How many producers does it take to helm a TV series? Quite a few when it’s NBC’s new epic The Event, a high-octane conspiracy thriller.
When Sean Walker’s (Jason Ritter) fiancée Leila (Sarah Roemer) disappears, his investigation into what happened to her begins to reveal the biggest cover-up in US history.
Creator/Co-Executive Producer Nick Wauters (The 4400), and Executive Producers Evan Katz (24), Jeffrey Reiner (Caprica) and Steve Stark (Medium) spoke with us about their new series which premiered, yesterday September 20th.
We don’t find out what The Event is in the first episode. Can you talk a little bit about how you’re going to handle doling out information and of maintaining the audience’s patience with you?
Evan Katz: We’re very cognizant of the audience’s patience, and of rewarding the audience.

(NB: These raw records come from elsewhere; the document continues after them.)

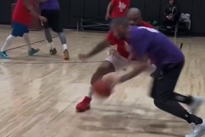 挺抽象!纽厄尔顺下空篮直接卡到篮脖子上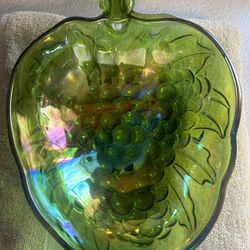 Vintage Indiana Iridescent Greenish Bluish Grape Embossed Carnival Glass Bowl$10Latrobe, PA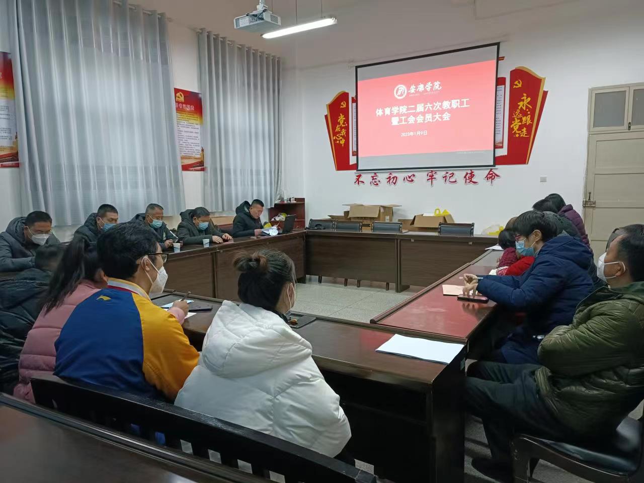 2023年1月9日下午,sunbet申搏在体育馆一楼会议室召开二届六次教职工暨工会会员大会,sunbet申搏27名教职工参加了本次大会,大会由sunbet申搏党总支书记高立平同志大会在庄严的国歌声中拉开序幕。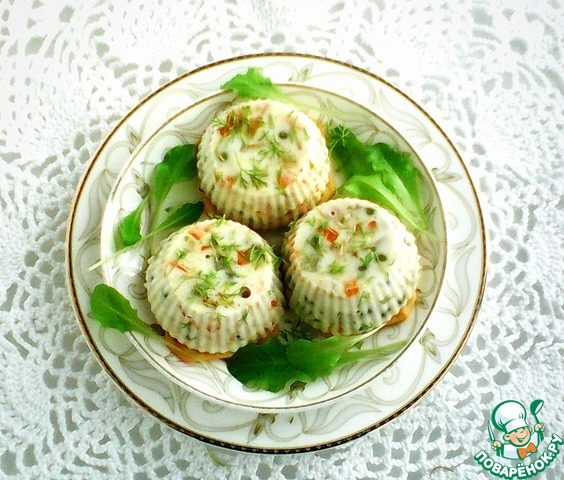 4. Берем силиконовые формочки под кексы (16 шт) и раскладываем салат.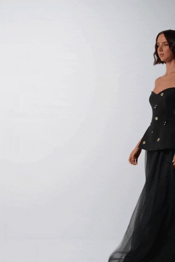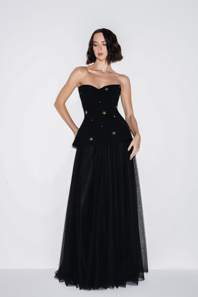 - Maxi dress with taffeta shaped corset with crystal application and maxi skirt with tulle layers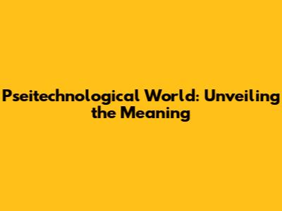 Pseitechnological World: Unveiling The Meaning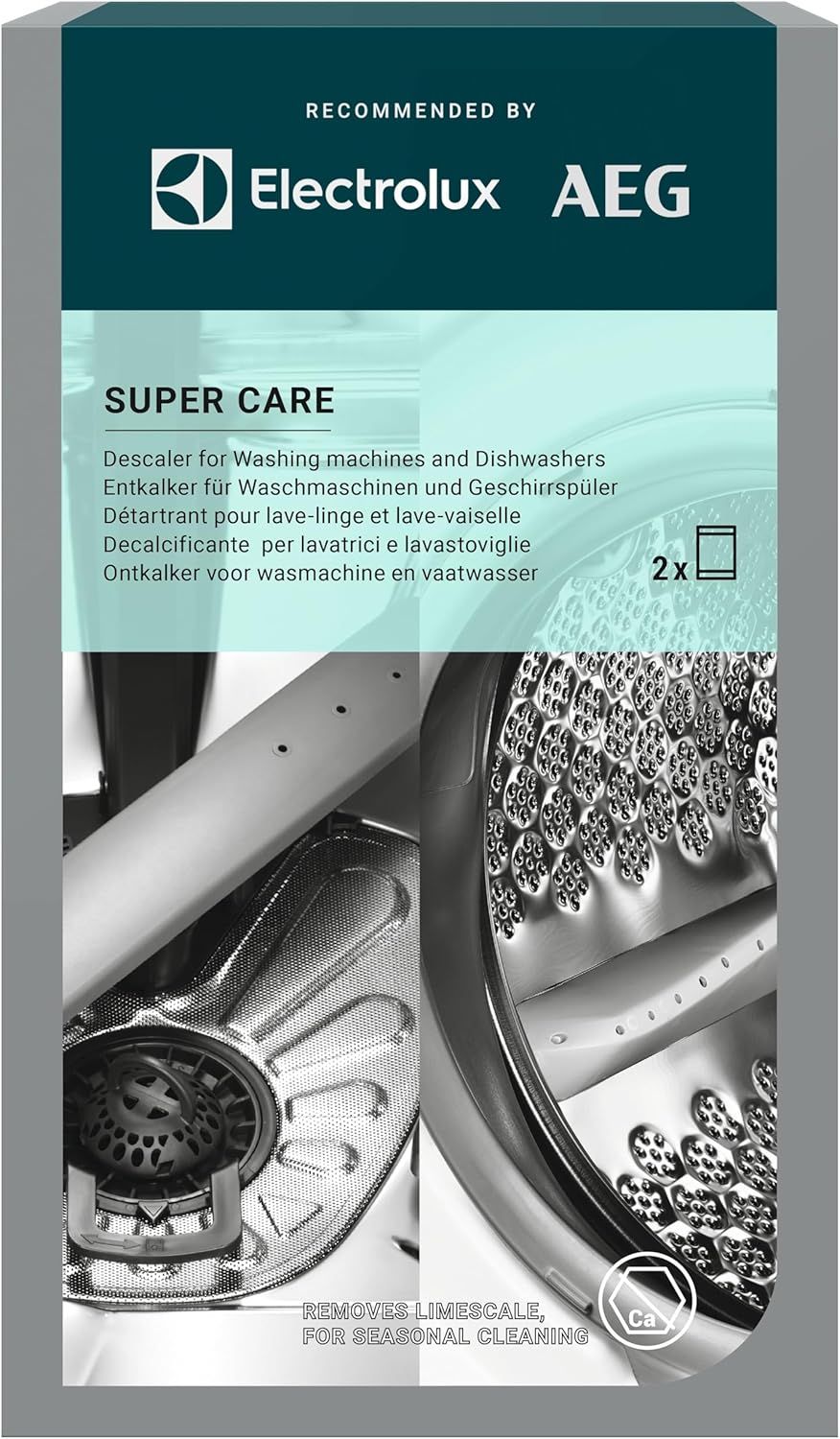 Тривалий та потужний. Засіб для видалення накипу Super Care допомагає підтримувати оптимальну роботу пральних та посудомийних машин, усуваючи та запобігаючи утворенню вапняного нальоту. Він також видаляє запахи та довше зберігає вашу машину новою. Використовуйте засіб для видалення накипу Super Care для очищення труб та барабанів. Використовуйте його кожні 6 місяців у місцях із жорсткою водою, щоб видалити вапняний наліт та запобігти його утворенню.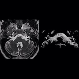 Reduced-FOV imaging for 3D TSE (#ZOOMit SPACE) uses dynamic excitation pulses to achieve selective field-of-view (zoomed) imaging, without aliasing artifacts. With this sequence we can achieve faster, higher-resolution imaging (due to higher SNR) and we can detect and evaluate smaller lesions, especially in areas prone to susceptibility artifacts. 3D SPACE of the inner ear, 47% reduction in imaging time in right image (ZOOMit SPACE). #MRI #3D_SPACE #new_MR_applications

The show’s really designed to answer questions, to satisfy people, to keep them hooked, but yet keep posing questions. In the second episode, we very clearly answer the two largest questions in the pilot.
There’s a lot of time-shifting in the pilot, is that going to be a constant during the series?
Nick Wauters: It’s definitely something that we’re going to keep using, at least in the near future, as long as it serves character and story. But you may not see as much of it as we go along.
Evan Katz: Time will move forward from episode 2 on. It will be a more linear approach, and there will be flashbacks, but the story will continue to thrust forward.
Mr Katz, Jack Bauer’s not really dead but the corpse of the show is not even cold and you’ve moved on to another conspiracy thriller. Do you feel at all like you’re cheating on Jack, and do you feel The Event is the next 24?
Evan Katz: Well, I don’t feel we’re cheating on Jack, because if we did one more terrible thing to him, I think he would have just exploded.
I think there is definitely a style and pace of storytelling, surprises, twists, and intensity that is going to be present in the show. I think that’s largely why I wanted to do the show. This show will not be as dark. One of the things that I read about 24 is in the long run it got too forbidding, but yet faithful to Jack’s character.
I like starting with Jason’s character, who is really an ordinary man, an innocent, and it will give us a much longer, hopefully many-season arc for him. But, yes, there will be that intensity. I think most importantly there’ll be that roller coaster (ride), and a visceral response to what you’re watching.
Jeffrey Reiner: But we’re also servicing a lot more characters. Our story is many different points-of-view, so where Jack Bauer is really the main thrust on 24, we’re telling the story through all these great characters.
How much information was given to the actors on this before they started?
Jeffrey Reiner: A lot of the show is what is waiting behind closed doors with these characters, so we try to keep them somewhat unaware of what’s gong to happen to them.
This is obviously coming right on the heels of Lost ending. A lot of people loved Lost, but they also felt fatigues by the end of the show. How do you convince those people to get sucked back into another very complicated, serialized story?
Nick Wauters: I’ve been a big fan of 24 and Lost, and so that definitely influenced my writing. I’m very conscious of that, which is why we’re going to try and reveal as many answers as we can as we go, and then set up new mysteries. But you still have to go on faith that we know what we’re doing.
I came in with this bible. All the characters were really developed from the beginning, even though that’s not really shown in the pilot, because the pilot had so many things going on. The pilot is an invitation to the series. It’s an appetizer.
Going back to the Lost template, one of the reasons for that particular show’s success was the interactive development, the Web pages, getting fans involved in various ways that had nothing to do with the small screen. How important is that going to be for you?
Nick Wauters: I’m a major geek. So going into the show that was something that was very important to me, and I see it as an extension of the show in a way. I’ve been working very closely with NBC Digital to create and expand the world of the series. So people can watch the show without having to go online, but if you go online, you will get a lot more out of the experience.
Given that this is coming in the wake of V and The 4400, how quickly will we resolve whether Laura Innes’ character is from outer space or not?
Nick Wauters: When I sat down to write the show, one of my main goals was to write a show that could keep the audience hungry but not frustrated. That’s one of the answers you’ll get in the second episode.
Evan Katz: All of these characters have secrets, and in large part, this show will be about peeling away those layers.
Heroes made a big deal out of the fact that they were going to reveal a lot, and they burned through a lot of plot very quickly. After season one, there was no more plot left to burn through. So how do you balance that?
Steve Stark: Before NBC bought the pilot, I think the bible that we developed was longer than the script. We were very clear where we were going. So we have tent-pole benchmarks that we’re going to hit as the series progresses into even season 3.